3. Take lighter gear. Consider a tarp or tarptent instead of a double-wall tent. Make an ultralight alcohol stove from a cat food can. Take one high-loft insulated jacket instead of multiple fleece layers. And learn to use a map and compass so you can ditch your GPS. These decisions have a multiplier effect: a lighter load allows you to wear trail shoes instead of boots, to carry a lighter and smaller backpack, and to carry less food and water because you will cover distances between resupply points and water sources more quickly.

4. Use versatile gear and eliminate redundancies. Pitch your shelter with your trekking poles. Wear your clothing at night and carry a lighter sleeping bag. Use a sleeping pad as a “virtual frame” in your frameless pack. Replace your raingear, shelter and pack cover with a poncho/tarp. And put soft-sided Platypus water bottles and extra clothing inside a stuff sack to make a pillow.

5. Increase the caloric density of your food. One ounce of fat contains 240 calories; one ounce of protein or carbohydrates, just 100. The most weight-efficient diet, then, would consist solely of butter or some other pure fat. Of course, that would be gross – instead, bulk up on chocolate, nuts, Fritos, peanut butter and similarly fatty foods. Aim for a caloric density of 125-150 calories/ounce.

6. Optimize your hydration.
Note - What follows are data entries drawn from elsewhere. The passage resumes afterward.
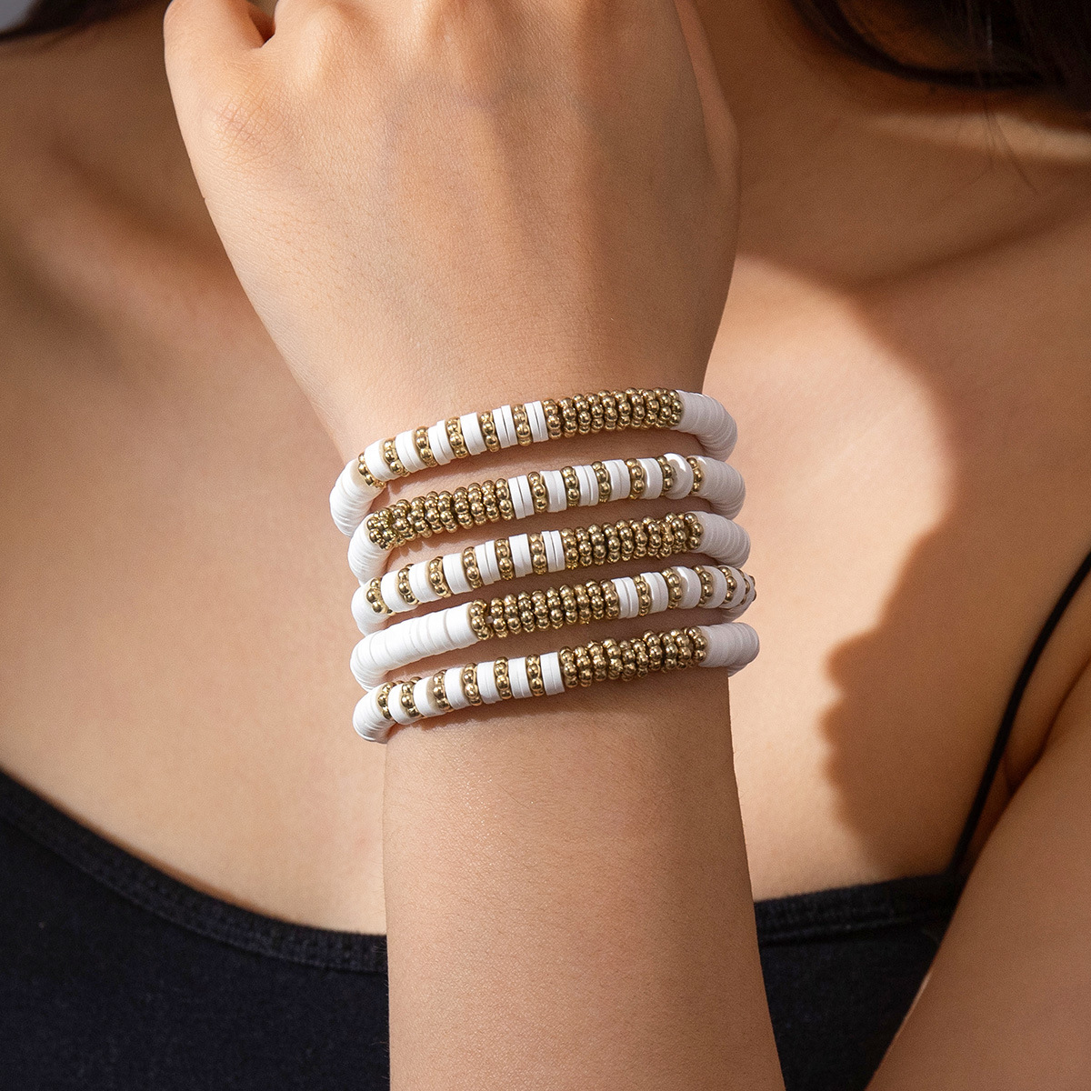 越境ファッション個性風樹脂ビーズ軟陶編み弾力婦人ブレスレット5点セット
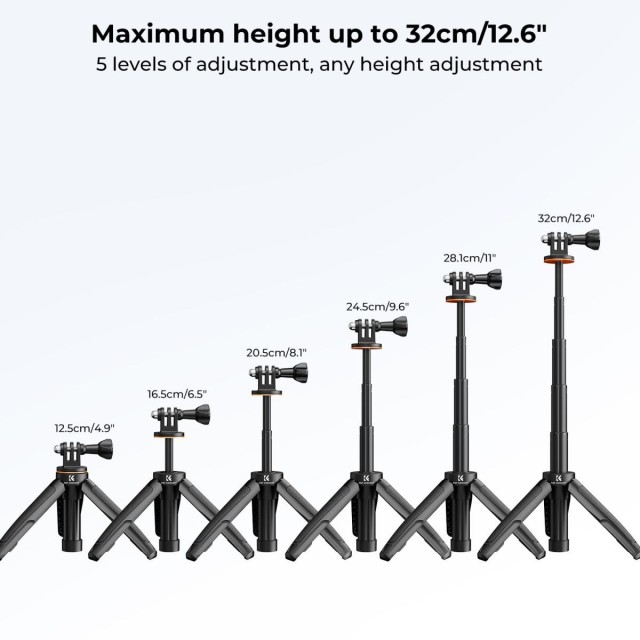 Action Camera Mounts Selfie Stick Desktop Stand (Small Size) für Gopro, Action und Insta Schwarz Orange. Das Telefon kleine Stativ nimmt eine verbreiterte feste Struktur und ein rutschfestes Silikon an. Das modifizierte Rohr hat einen eingebauten stoßdämpfenden Gummiring, wodurch das gesamte Stretch-Rohr stabiler und stärker.
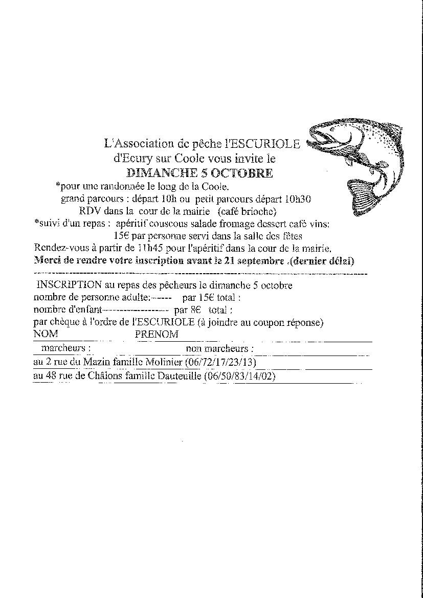 L'association de pêche L'Escuriole organise une randonnée et un repas le Dimanche 5 octobre.

Learn how much water you need per hour under certain conditions (e.g. temperatures, elevation gain/loss, shade, etc.), and only take enough to reach your next water source.

7. Eliminate all extraneousness. Remove ice axe loops, daisy chains, extra webbing and/or hydration sleeves from your pack. Ditto for shirt tags, guidebook margins, and pot handles. And chop toothbrushes, foam sleeping pads, and lexan utensils to make them lighter and more packable. This step is intentionally listed last – the weight savings are negligible compared to the steps above.

41 Comments

  1. zachary on March 29, 2012 at 4:53 pm

    i like it

  2. mat on April 4, 2012 at 10:38 am

    As always, Andrew, your experience and insight are illuminating.

    Go easy on the recommendations for a full-fat diet, though. You are entirely correct that fat is packed with calories like no other food. A diet consisting wholly of fat, however, quite apart from being yuck, would be physically damaging for a simple reason; as all students of biochemistry learn in school, “fats burn in the flame of carbohydrates”. Think of the carbs as the firelighter that’re always needed

    A diet with an excess fat/carbohydrate balance will (a) have you wake up with real bad breath – that’s from ketosis, which results from fat breakdown in the absence of adequate carbohydrate levels and (b) have your body chew itself up to provide the next best thing to dietary carbohydrate. There are few ways your body can do this and the number one way is probably the last thing you want when you’re on a long trek … it chews up your skeletal muscle to provide the firelighter for burning the fats. ouch.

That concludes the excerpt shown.